Objectives To determine whether it is feasible to set up a national registry, linking routinely collected data from hospital information systems (HIS), to investigate the role of cardiovascular magnetic resonance (CMR) in patients who activate the primary percutaneous coronary intervention (PPCI) pathway.

Design Feasibility prospective cohort study, to establish whether: (1) consent can be implemented; (2) data linkage and extraction from multiple HIS can be achieved for >90% of consented patients; (3) local data can be successfully linked with hospital episode data (Hospital Episode Statistics, HES; Patient Episode Database for Wales, PEDW) for >90% of consented patients and (4) the proportion of patients activating the PPCI pathway who get a CMR scan is ≥10% in hospitals with dedicated CMR facilities.

Participants Patients from four 24/7 PPCI hospitals in England and Wales (two with and two without a dedicated CMR facility) who activated the PPCI pathway and underwent an emergency coronary angiogram.

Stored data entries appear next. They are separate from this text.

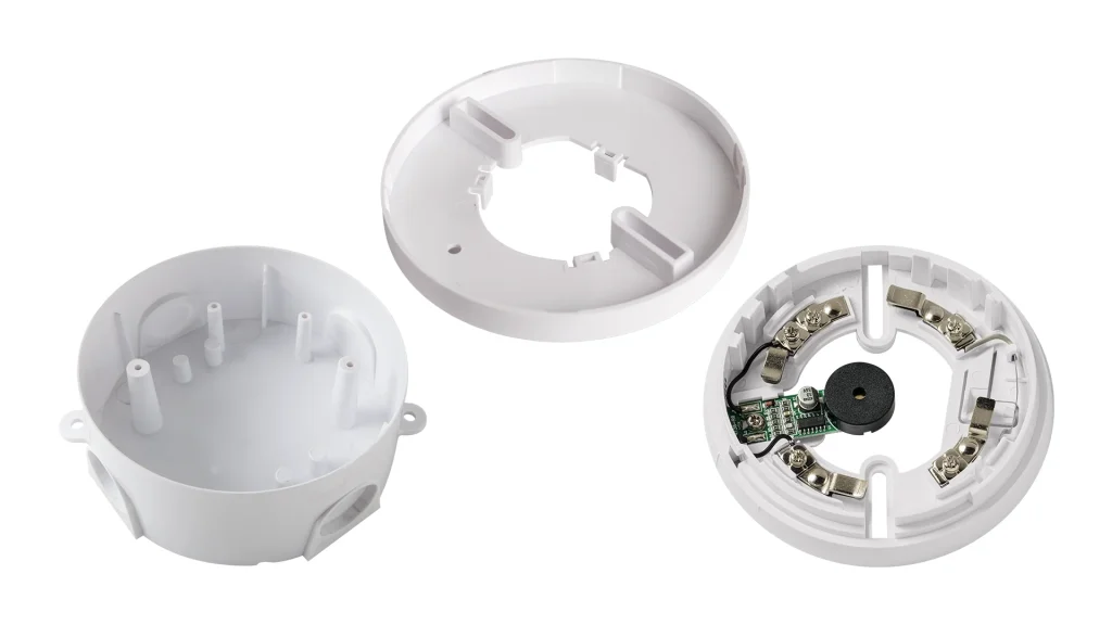 Il distanziatore EB0050 è progettato per essere installato sotto la base EB0010, sollevandola di circa 10 mm. Questa soluzione consente un’installazione pratica e ordinata, permettendo l’ingresso dei cavi a vista senza compromettere la funzionalità e la sicurezza del sistema di rivelazione incendio.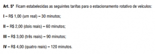 Será R$ 1 para meia hora, R$ 2 para uma hora, R$ 3 para uma hora e meia e R$ 4 para duas horas.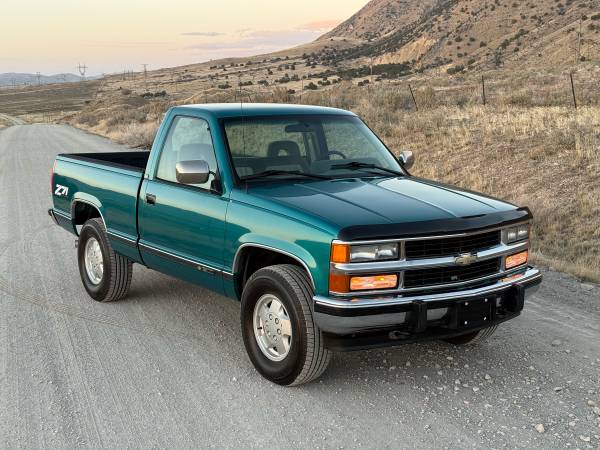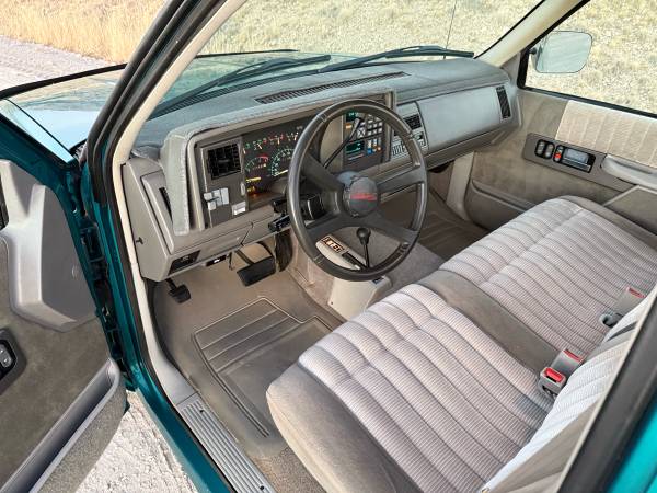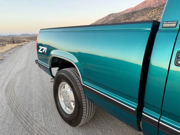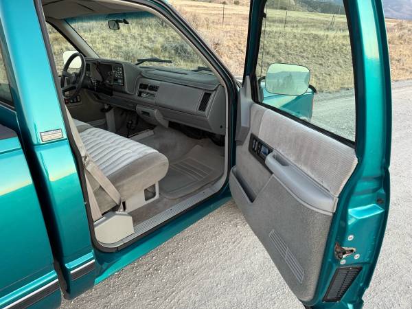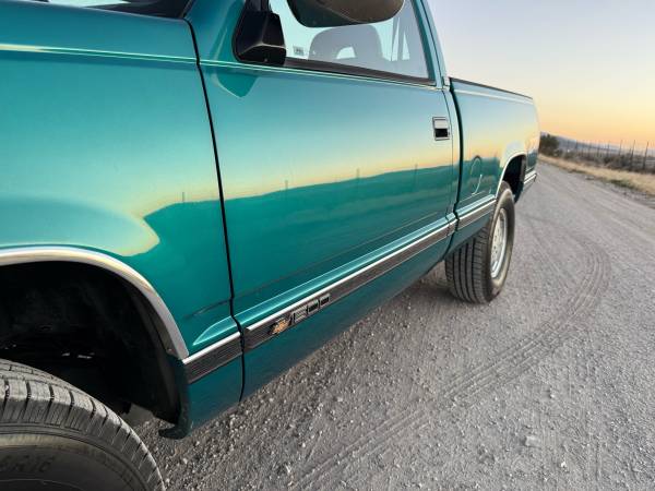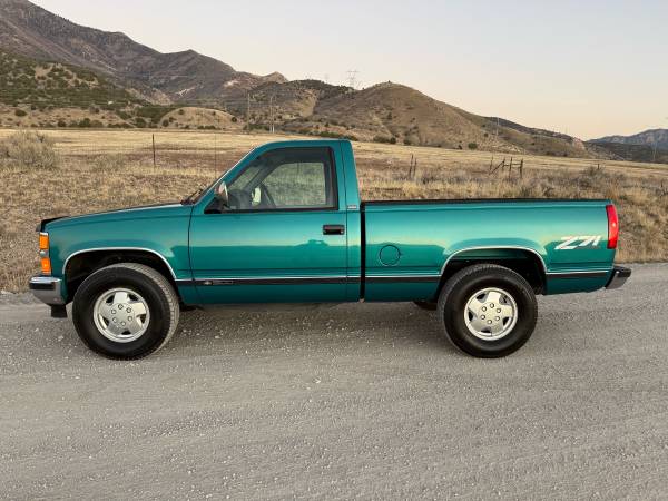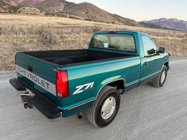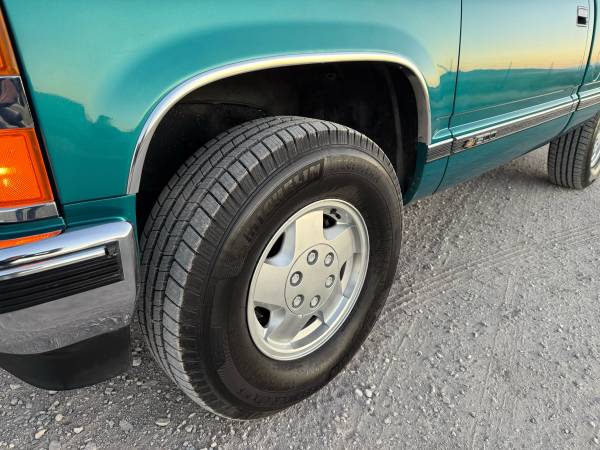 Beautiful teal green metallic Z71 K1500 short bed. Stars, runs and drives like new. Automatic transmission shifts smooth. 4x4 works great as well. Interior and exterior in Excellent shape. Has been garage kept keeping paint like new. Truck is all stock. No leaks, freshly serviced and ready to go. Has original window sticker from 1994.

Results Consent was successfully implemented at all hospitals (consent rates ranged from 59% to 74%) and 1670 participants were recruited. Data submission was variable: all hospitals submitted clinical data (for ≥82% of patients); only three hospitals submitted biochemistry data (for ≥98% of patients) and echocardiography data (for 34%–87% of patients); only one hospital submitted medications data (for 97% of patients). At the two CMR centres, 14% and 20% of patients received a CMR scan. Data submitted by hospitals were linked with HES and PEDW for 99% of all consented patients.

Conclusion We successfully consented patients but obtaining individual, opt-in consent would not be feasible for a national registry. Linkage of data from HIS with hospital episode data was feasible. However, data from HIS are not uniformly available/exportable and, in centres with a dedicated CMR facility, some referrals for CMR were for research rather than clinical purposes.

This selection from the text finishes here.